TASK DATA START

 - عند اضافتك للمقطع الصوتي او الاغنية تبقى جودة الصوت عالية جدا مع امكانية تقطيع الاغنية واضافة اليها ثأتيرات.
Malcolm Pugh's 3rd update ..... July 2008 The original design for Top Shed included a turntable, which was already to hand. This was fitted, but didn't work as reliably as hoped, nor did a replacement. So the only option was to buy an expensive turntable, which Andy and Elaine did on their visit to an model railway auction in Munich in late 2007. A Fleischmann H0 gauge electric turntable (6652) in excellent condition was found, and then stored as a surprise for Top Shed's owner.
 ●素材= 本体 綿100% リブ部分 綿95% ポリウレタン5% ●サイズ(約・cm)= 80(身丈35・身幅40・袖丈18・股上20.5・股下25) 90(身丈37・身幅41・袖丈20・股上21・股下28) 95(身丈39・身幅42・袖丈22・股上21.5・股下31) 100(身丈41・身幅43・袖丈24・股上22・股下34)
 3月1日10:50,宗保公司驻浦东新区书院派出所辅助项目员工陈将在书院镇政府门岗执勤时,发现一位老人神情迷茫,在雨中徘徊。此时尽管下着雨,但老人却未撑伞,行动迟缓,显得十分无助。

TASK DATA END
TASK DATA START

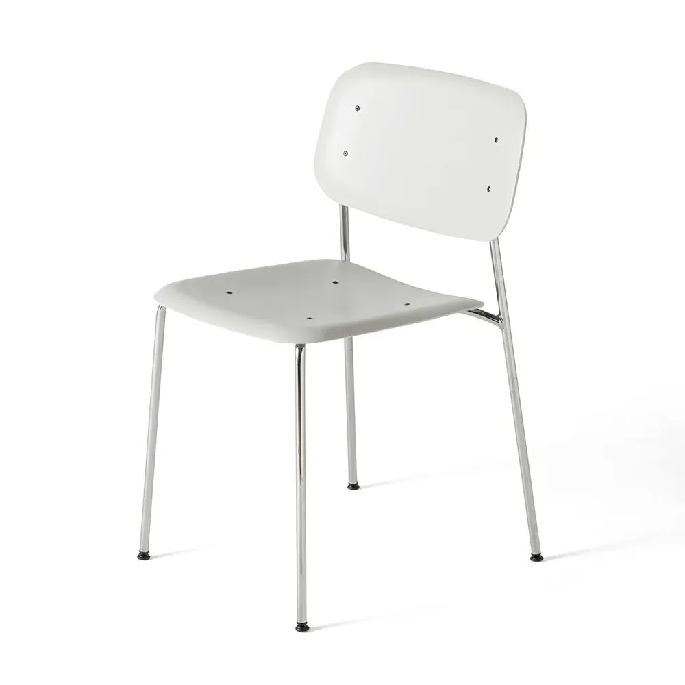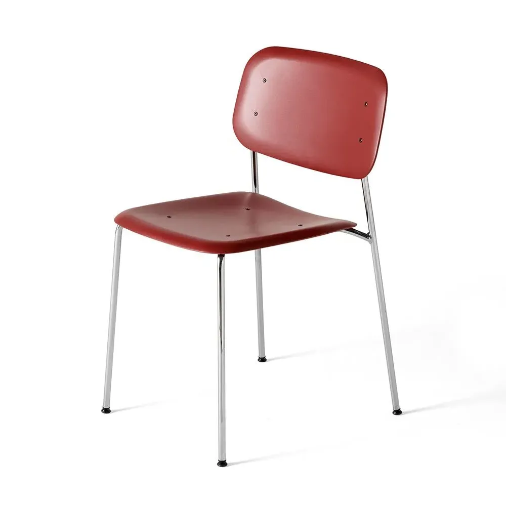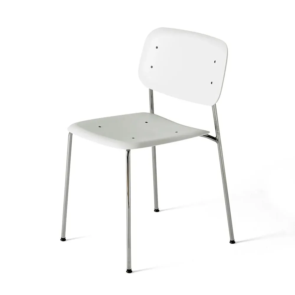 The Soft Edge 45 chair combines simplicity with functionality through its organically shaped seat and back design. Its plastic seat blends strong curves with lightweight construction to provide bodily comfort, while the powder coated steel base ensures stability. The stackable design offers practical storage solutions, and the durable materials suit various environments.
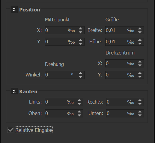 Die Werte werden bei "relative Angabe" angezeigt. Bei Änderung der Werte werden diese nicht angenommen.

TASK DATA END

▶ _ASSIGNED TASK_:
Among the entries above, the lines between the ones containing "- عند اضافتك" and "3月1日10:50,宗保公司", inclusive, are to be transcribed exactly. No other line is to be given.

▶ _RESPONSE AREA_:
 - عند اضافتك للمقطع الصوتي او الاغنية تبقى جودة الصوت عالية جدا مع امكانية تقطيع الاغنية واضافة اليها ثأتيرات.
Malcolm Pugh's 3rd update ..... July 2008 The original design for Top Shed included a turntable, which was already to hand. This was fitted, but didn't work as reliably as hoped, nor did a replacement. So the only option was to buy an expensive turntable, which Andy and Elaine did on their visit to an model railway auction in Munich in late 2007. A Fleischmann H0 gauge electric turntable (6652) in excellent condition was found, and then stored as a surprise for Top Shed's owner.
 ●素材= 本体 綿100% リブ部分 綿95% ポリウレタン5% ●サイズ(約・cm)= 80(身丈35・身幅40・袖丈18・股上20.5・股下25) 90(身丈37・身幅41・袖丈20・股上21・股下28) 95(身丈39・身幅42・袖丈22・股上21.5・股下31) 100(身丈41・身幅43・袖丈24・股上22・股下34)
 3月1日10:50,宗保公司驻浦东新区书院派出所辅助项目员工陈将在书院镇政府门岗执勤时,发现一位老人神情迷茫,在雨中徘徊。此时尽管下着雨,但老人却未撑伞,行动迟缓,显得十分无助。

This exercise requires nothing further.